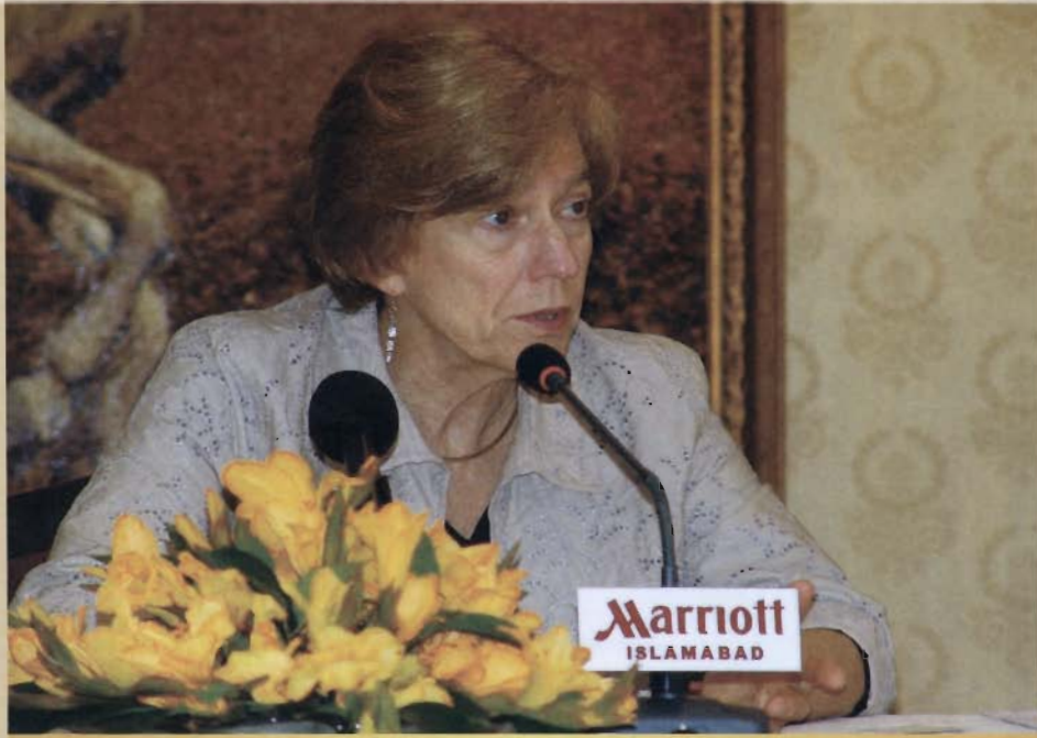
حکمرہ خارجی خصوصی مشیر برائے سائنس و ٹیکنالوجی ڈاکٹر نینا فیڈرروف 28 اگست کو اسلام آباد میں ایک پریس کانفرنس سے خطاب کر رہی ہیں۔
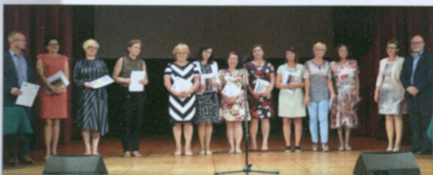
Po raz ostatni wyróżniono nauczycieli gimnazjów.
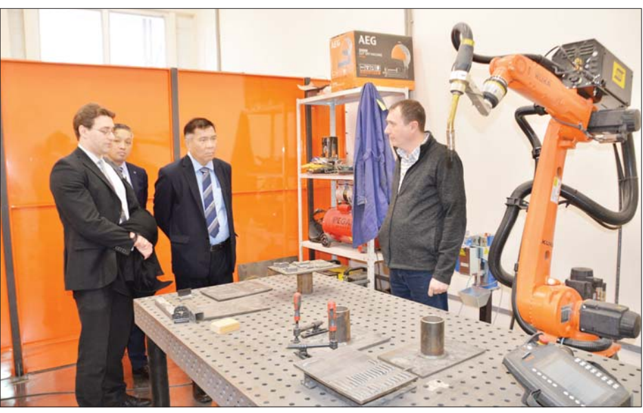
များ၊ သိပ္ပံနှင့်နည်းပညာ ဘာသာ သင်ကြားမှု၊ သင်ယူမှု အထောက် အကူပစ္စည်းများကို လှည့်လည် သုတေသနပြု တွေ့ရှိချက်များနှင့် ကြည့်ရှုလေ့လာကြသည်။

တာဝန်ရှိသူများက တက္ကသိုလ် ဆိုင်ရာ အချက်အလက်များ၊ လေ့ကျင့်သင်ကြားပေးလျက်ရှိ သည့် ဘာသာရပ်များ၊ ပြည်ပမှ သင်တန်းသားများအား လက်ခံ သင်ကြားနေမှု၊ စာပေသင်ကြား ပို့ချပေးနေမှုနှင့် သုတေသန လုပ်ငန်းများ ဆောင်ရွက်နေမှု အခြေအနေကို Video Clip ဖြင့် ရှင်းလင်းပြသကြပြီး သိပ္ပံနှင့် နည်းပညာဆိုင်ရာ ကိစ္စရပ်များ၊ သုတေသနလုပ်ငန်းများ ပူးပေါင်း ဆောင်ရွက်သွားရေးနှင့် ပညာ တော်သင်များ စေလွှတ်နိုင်ရေး ကိစ္စရပ်များကို အပြန်အလှန် ဆွေးနွေးကြသည်။

--*--

▸ What you need to do
Could you give the material again exactly as it stands, omitting any image?

▸ Solution below
حکمرہ خارجی خصوصی مشیر برائے سائنس و ٹیکنالوجی ڈاکٹر نینا فیڈرروف 28 اگست کو اسلام آباد میں ایک پریس کانفرنس سے خطاب کر رہی ہیں۔
Po raz ostatni wyróżniono nauczycieli gimnazjów.
များ၊ သိပ္ပံနှင့်နည်းပညာ ဘာသာ သင်ကြားမှု၊ သင်ယူမှု အထောက် အကူပစ္စည်းများကို လှည့်လည် သုတေသနပြု တွေ့ရှိချက်များနှင့် ကြည့်ရှုလေ့လာကြသည်။

တာဝန်ရှိသူများက တက္ကသိုလ် ဆိုင်ရာ အချက်အလက်များ၊ လေ့ကျင့်သင်ကြားပေးလျက်ရှိ သည့် ဘာသာရပ်များ၊ ပြည်ပမှ သင်တန်းသားများအား လက်ခံ သင်ကြားနေမှု၊ စာပေသင်ကြား ပို့ချပေးနေမှုနှင့် သုတေသန လုပ်ငန်းများ ဆောင်ရွက်နေမှု အခြေအနေကို Video Clip ဖြင့် ရှင်းလင်းပြသကြပြီး သိပ္ပံနှင့် နည်းပညာဆိုင်ရာ ကိစ္စရပ်များ၊ သုတေသနလုပ်ငန်းများ ပူးပေါင်း ဆောင်ရွက်သွားရေးနှင့် ပညာ တော်သင်များ စေလွှတ်နိုင်ရေး ကိစ္စရပ်များကို အပြန်အလှန် ဆွေးနွေးကြသည်။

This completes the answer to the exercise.